Scrappy Dappy Doo!


One of the great joys of being a father is experiencing pop culture that I loved as a child anew through my son Declan’s eyes. I almost feel like children’s entertainment was wasted upon me as a child, because I was a precocious sort forever in a fever to experience what I thought of as adult entertainment. 

During the entirety of my eighteen year career as a film critic, meanwhile, I thought the job of children’s entertainment was to entertain cynical adults like myself. If they also entertained the Younglings, so much the better, but I really did spend my entire pre-fatherhood career as a critic under the arrogant assumption that kid’s entertainment was not so secretly for adults first and foremost. 

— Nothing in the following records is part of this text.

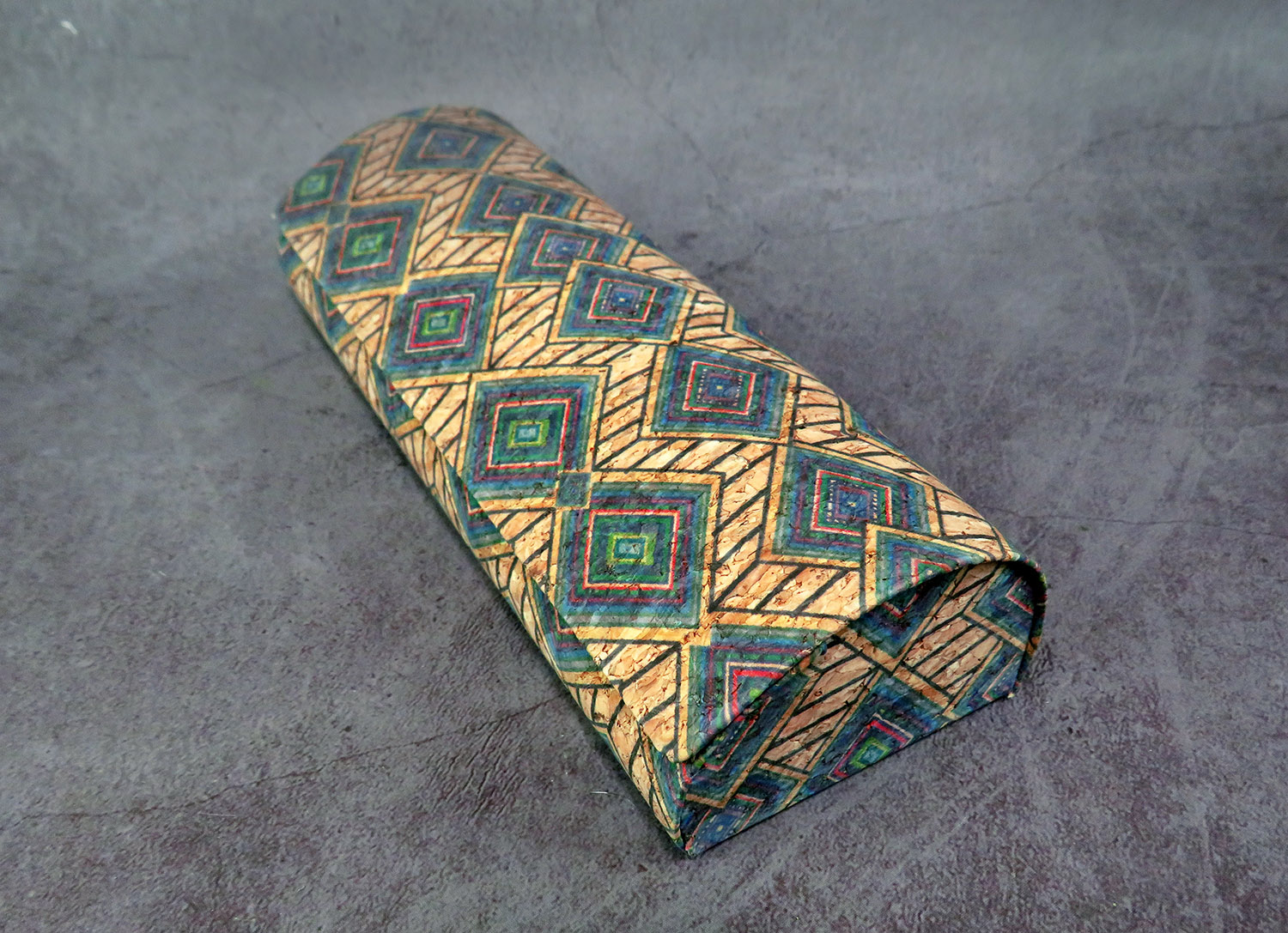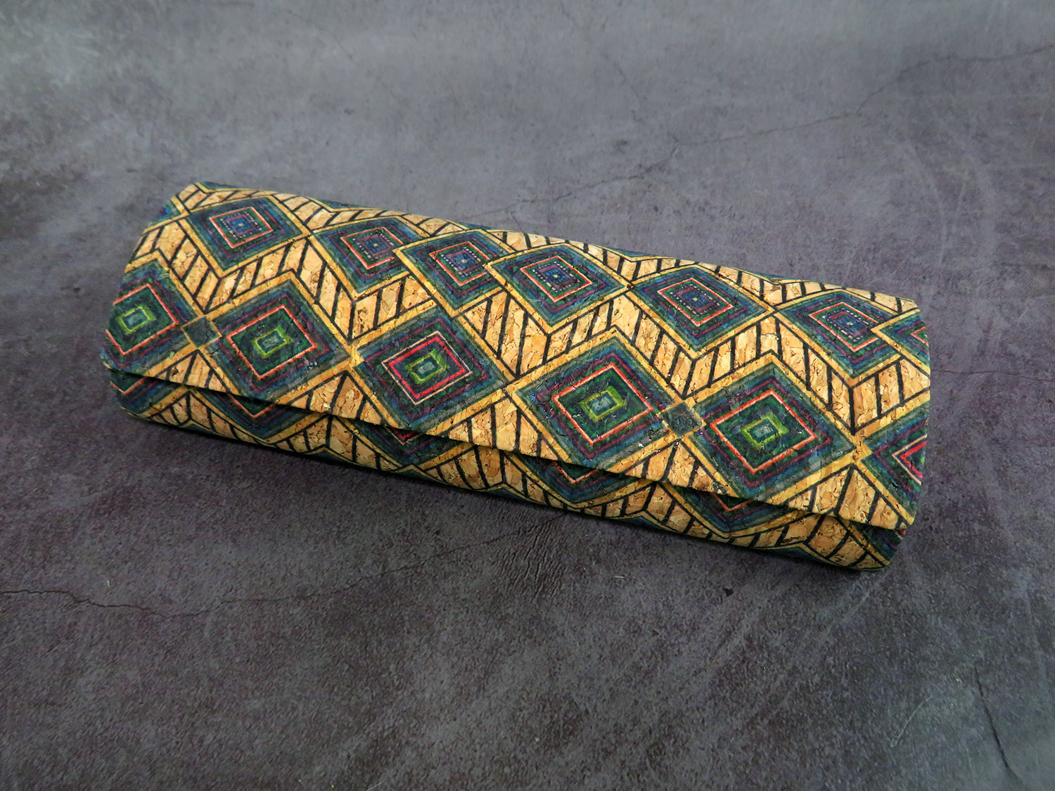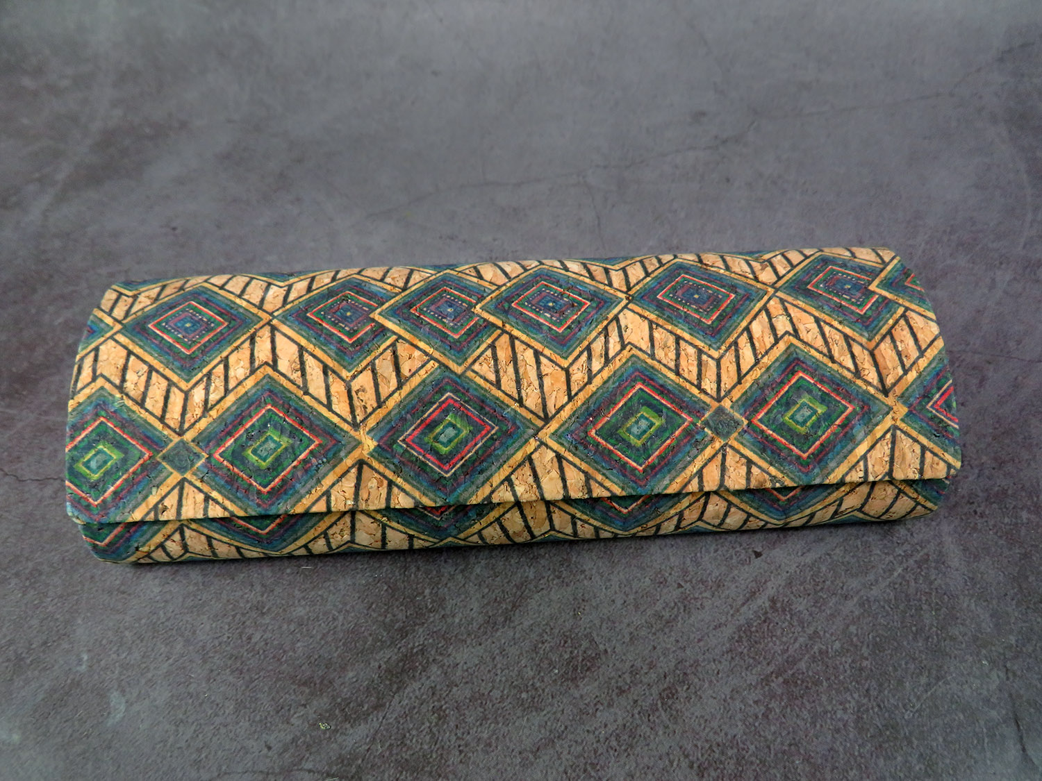 Hard case made of faux leather and artificial cork in rustic style.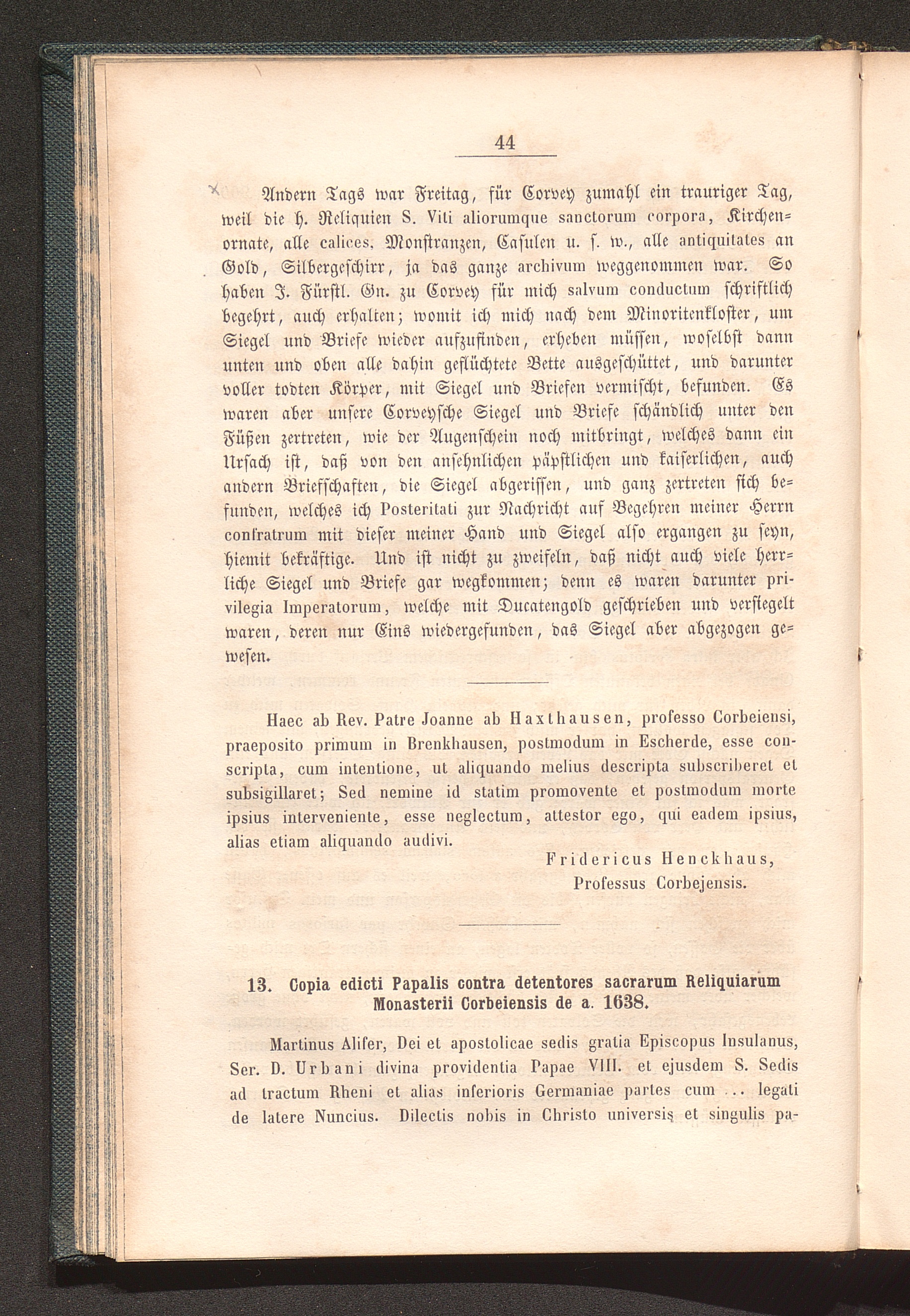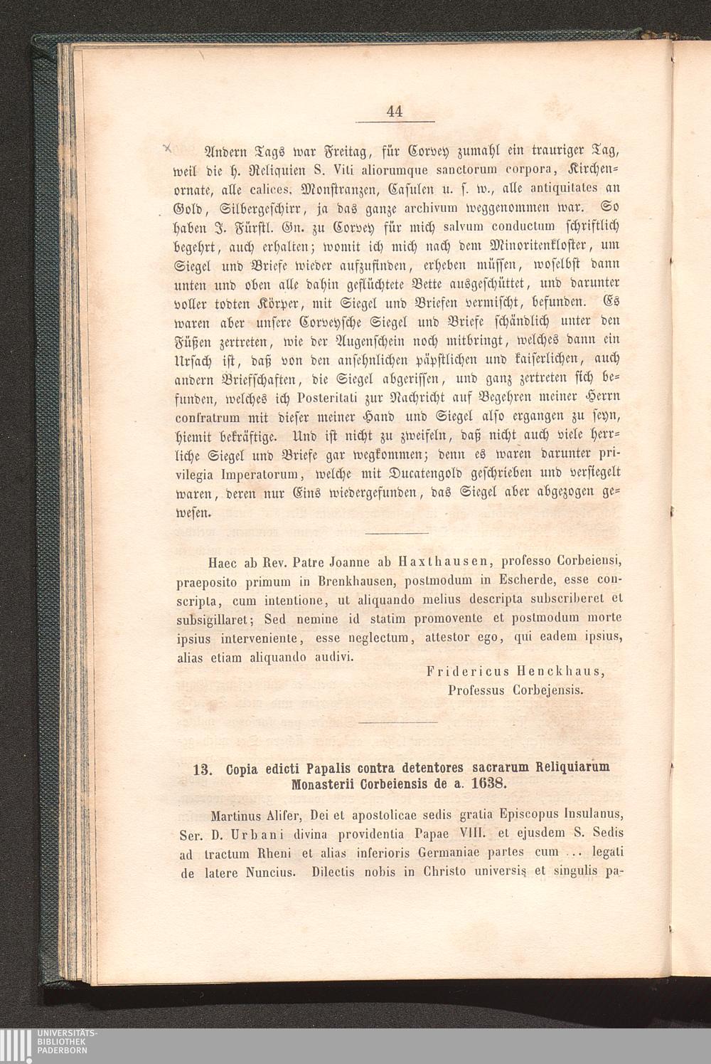 13. Copia edicti Papalis contra detentores sacrarum Reliquiarum Mon. Corbeiensis;[...]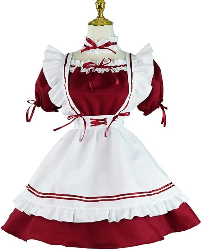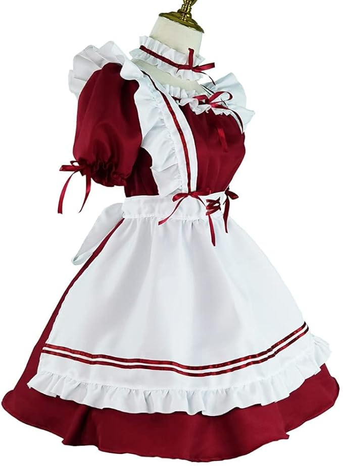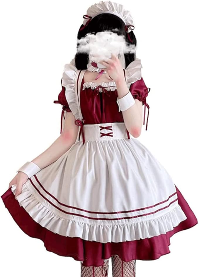 [ANONIE] メイド服 コスプレ仮装 初心者 セット かわいい コスチューム ホワイト+ブラック 豪華セット c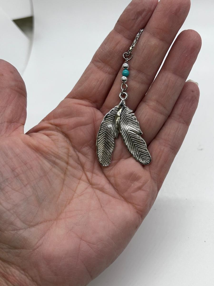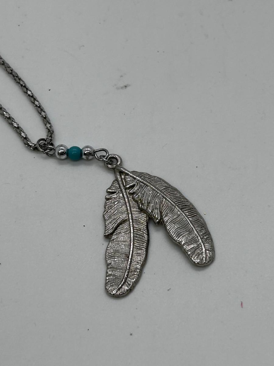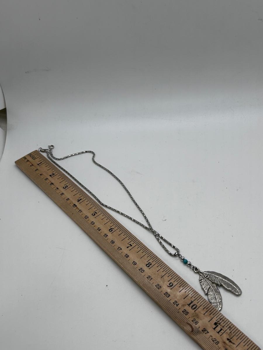 Silver Tone Southwestern Boho Feather Pendant Charm Necklace. In good condition. No sterling marks found.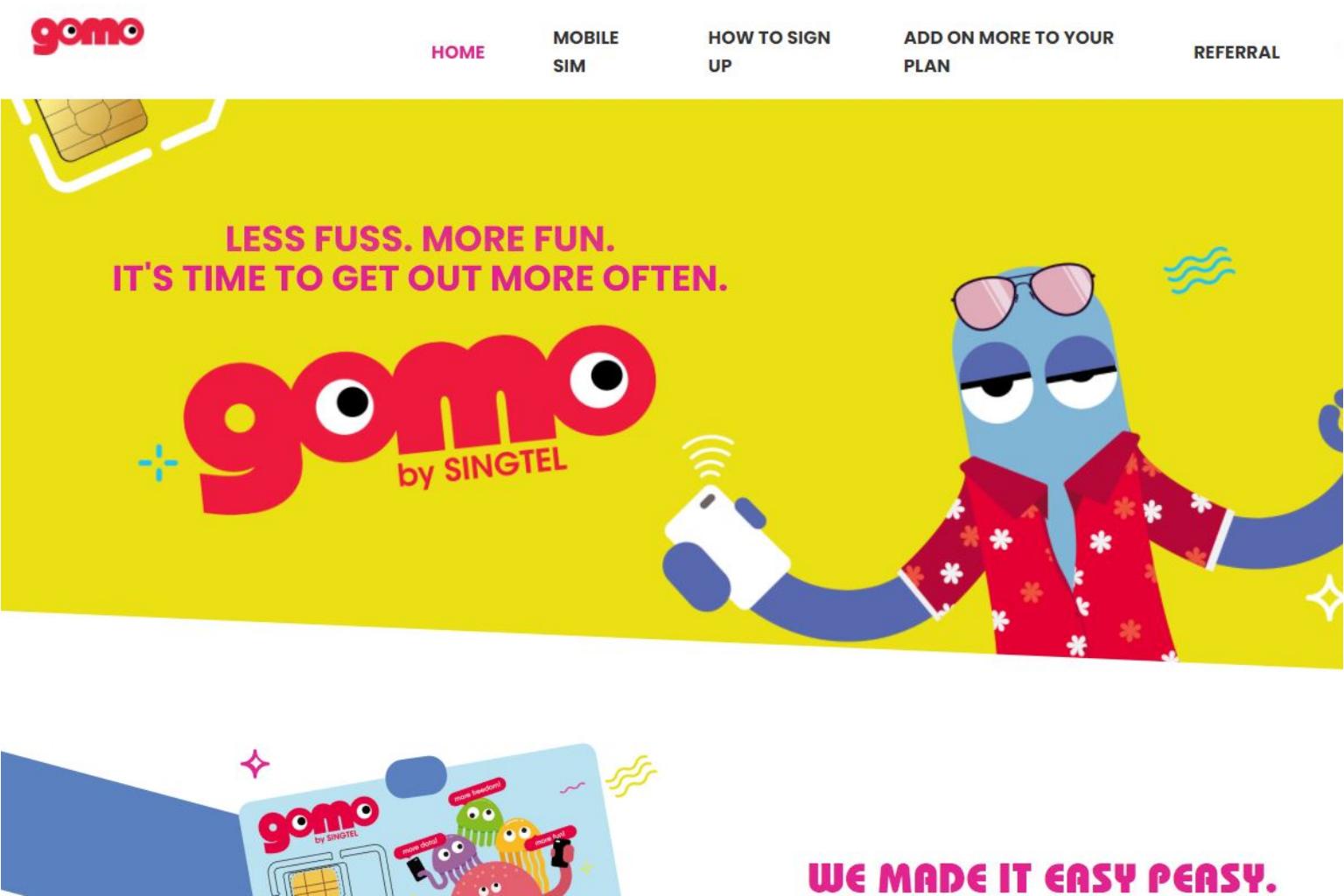 Gomo's contract-free SIM-only plan is already offered in Singapore, backed by Singtel's 4G network.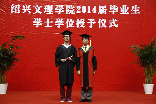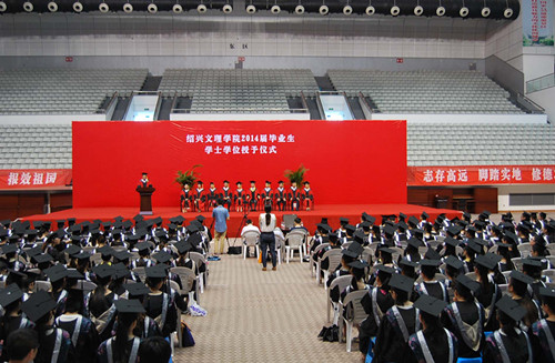 下午,河西体育馆内,伴随着悠扬祥和的《辉煌时刻》、《再回首》歌声,庄严而隆重的2014届毕业生学士学位授予仪式在此举行,校长叶飞帆身着导师服,为我院382位取得学位的毕业生授予学士学位,并一一合影留念。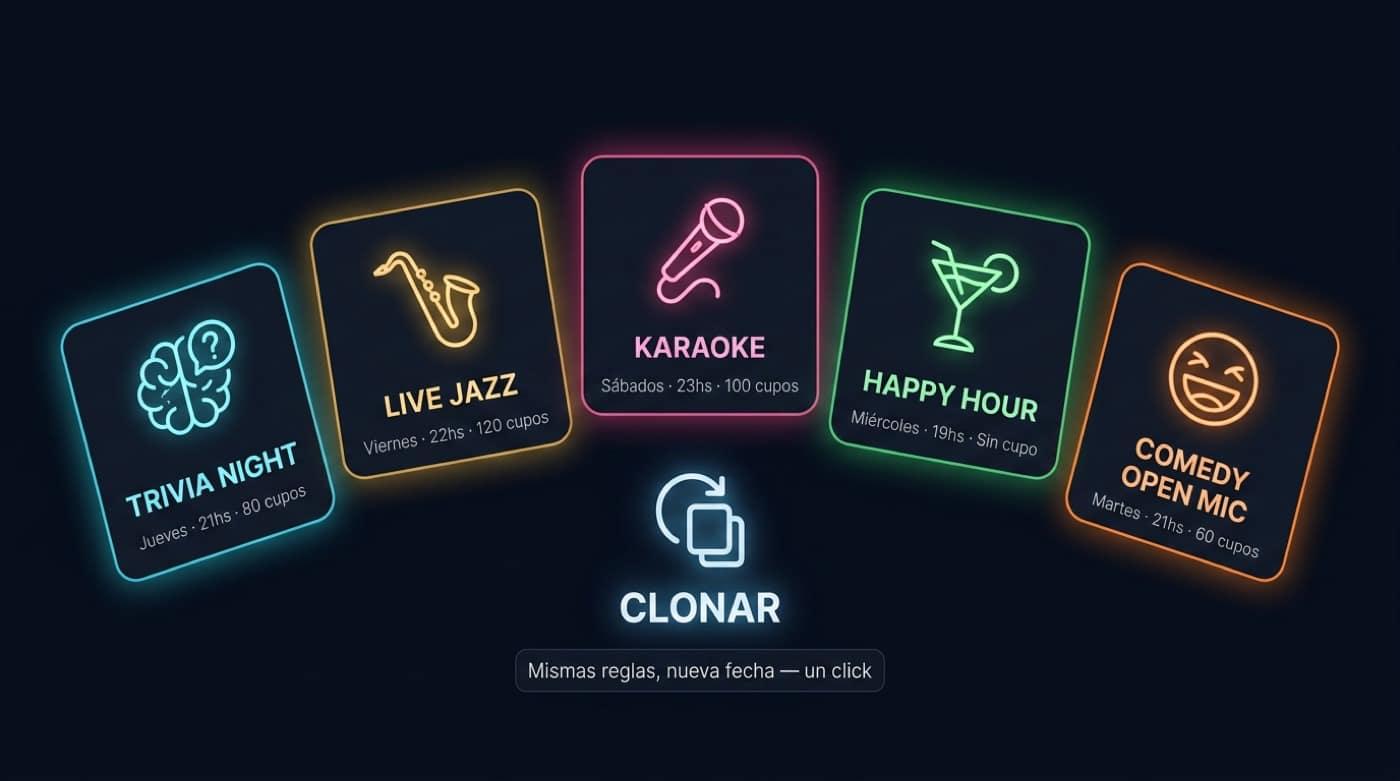 Cloná trivia, karaoke o jam con reglas de stock y precios. Se publican sin rehacer nada.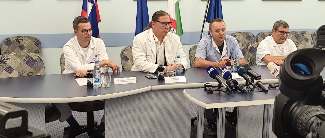 Na novinarski konferenci so nastopili generalni direktor Marko Jug, v. d. strokovnega direktorja Gregor Norčič in vodja internistične prve pomoči Hugon Možina.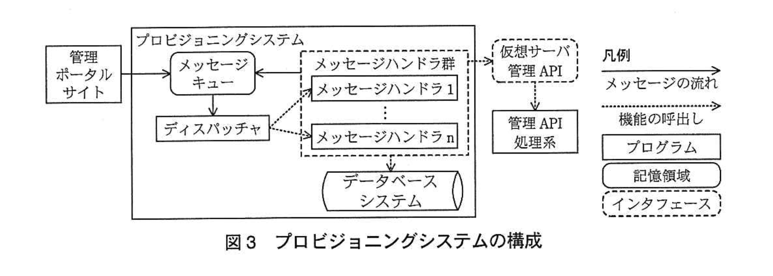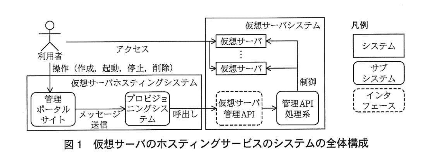 プロビジョニングシステムは、管理ポータルサイトからのメッセージに応じて仮想サーバ管理 API を呼び出すことで、仮想サーバの作成、起動、停止及び削除を行うシステムである。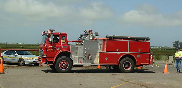 One thing that I don’t think I have mentioned on the web site yet, but some of you may know, is that I am a probationary member of the Ferndale Volunteer Fire Department. Today I attended a training session where among other things, I got my first chance to drive a fire truck. They laid out a course where we had to perform several manuevers in forward and reverse, while trying to get the truck as close to certain cones while not knocking them over or going out of bounds.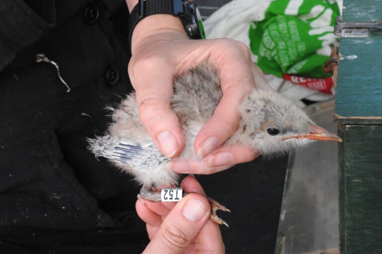 Am 27. Mai ist das erste Lachseeschwalbenküken dieser Saison im Neufelderkoog geschlüpft. Es kommt aus dem Nest mit der Nummer 17, ist vital und wird gut gefüttert. Für die Betreuenden bedeutet dies, dass die letzten Handgriffe am Krötenzaun durchgeführt und die letzte Folie gespannt werden muss.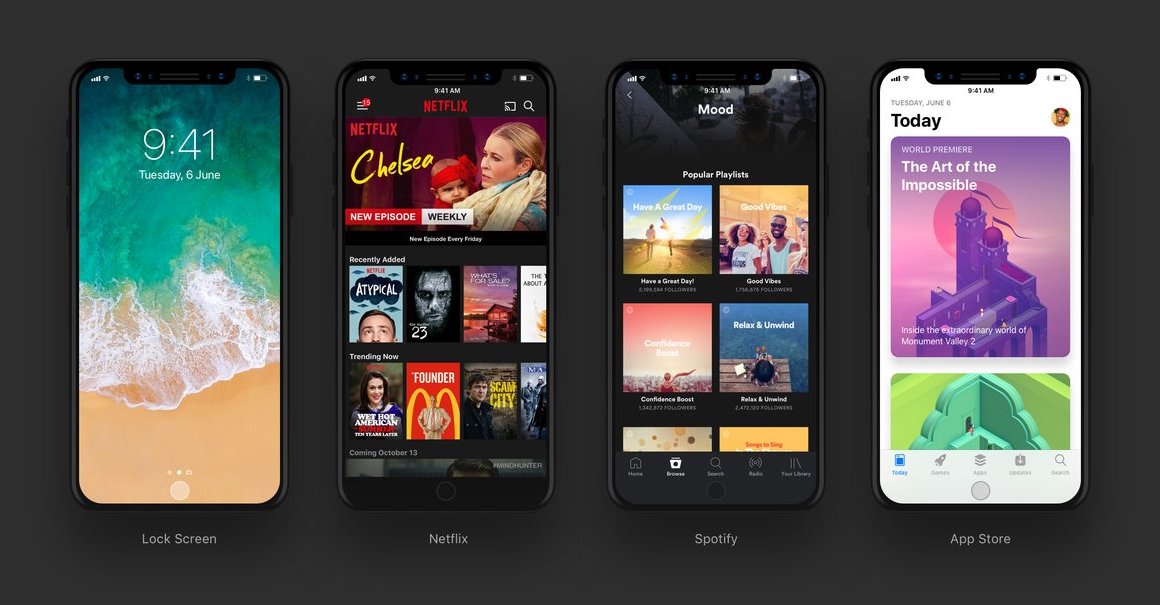 Grafik Maksim Petriv pravděpodobně také přemýšlel nad tím, jak se na displeji, který bude od okraje k okraji, zobrazí takový Netflix či App Store. Vytvořil tedy rendery, na kterých můžeme vidět, jak by mohl být vyřešen stavový řádek v horní části přístroje a jak budou vypadat spuštěné aplikace. Podotýkáme, že rendery nejsou odrazem skutečnosti, jsou založené na doposud zjištěných informacích.

It wasn’t until I had a child myself, and saw everything through the prism of parenthood that I came to realize just how wrong I’d been. I now subscribe to the revolutionary and far-out idea that kid’s entertainment is for children, and if it entertains adults, great, but that should always be a secondary concern if it’s a concern at all. 


So far I’ve felt privileged to experience a lot of wonderful entertainment from the my childhood with, and through, Declan. As I have chronicled here exhaustively, being a parent has caused me to fall in love with Sesame Street all over again, to a degree that borders on pathological, unhealthy and abnormal. I’m more into Sesame Street than Declan is. At three and a half years old, Declan seems to have outgrown Sesame Street but I still watch new episodes by myself each week. 

Some of the Declan’s favorites I’ve learned to love for their sheer absurdity and pandering ridiculousness, like Mutt & Stuff or Paw Patrol. But a lot of what Declan loves is stuff that I legitimately love as well, like It's the Great Pumpkin, Charlie Brown, The Ramones doing the Spider-Man theme song and superhero media in general. 

Declan also loves Scooby Doo, which I watched and loved as a child despite knowing that it was ultimately hot garbage. I wrote about Declan’s discovery of Scooby Doo’s Twin Peaks homage Mystery Incorporated here and while Declan does enjoy the hip, adult, thinking person’s Scooby-Doo I have also discovered that he likes Scrappy Doo as well. I mean, he really likes Scrappy-Doo. 

New, dystopian, post-apocalyptic Scrappy (left), old model (right) 

New, dystopian, post-apocalyptic Scrappy (left), old model (right) 

And that is totally fine with me. Obviously I do not enjoy the character as much as him. In fact, I find him rather annoying. But Scrappy Doo was not created for me. He’s not for me. He was made for Declan and children his age. This is true of other characters like Jar Jar Binks and Tow Mater as well. If you’re up in arms about those characters being made for babies, that’s because they were made for babies. And that, also, is totally okay. In fact, it’s great. 

Babies need entertainment. Toddlers need entertainment. Very small children need entertainment and while I wish Declan chose stuff everyone could enjoy, I am never going to judge him for liking something kids his age are supposed to like. I’m not going to judge him for feeling enjoyment and pleasure at something that’s not hip or good or fashionable. 


It’s my job as his parent to judge things for appropriateness but I’m not going to be such a snob that I veto things because they do meet my aesthetic standards. Scrappy-Doo is for Declan, and that's more than good enough for me.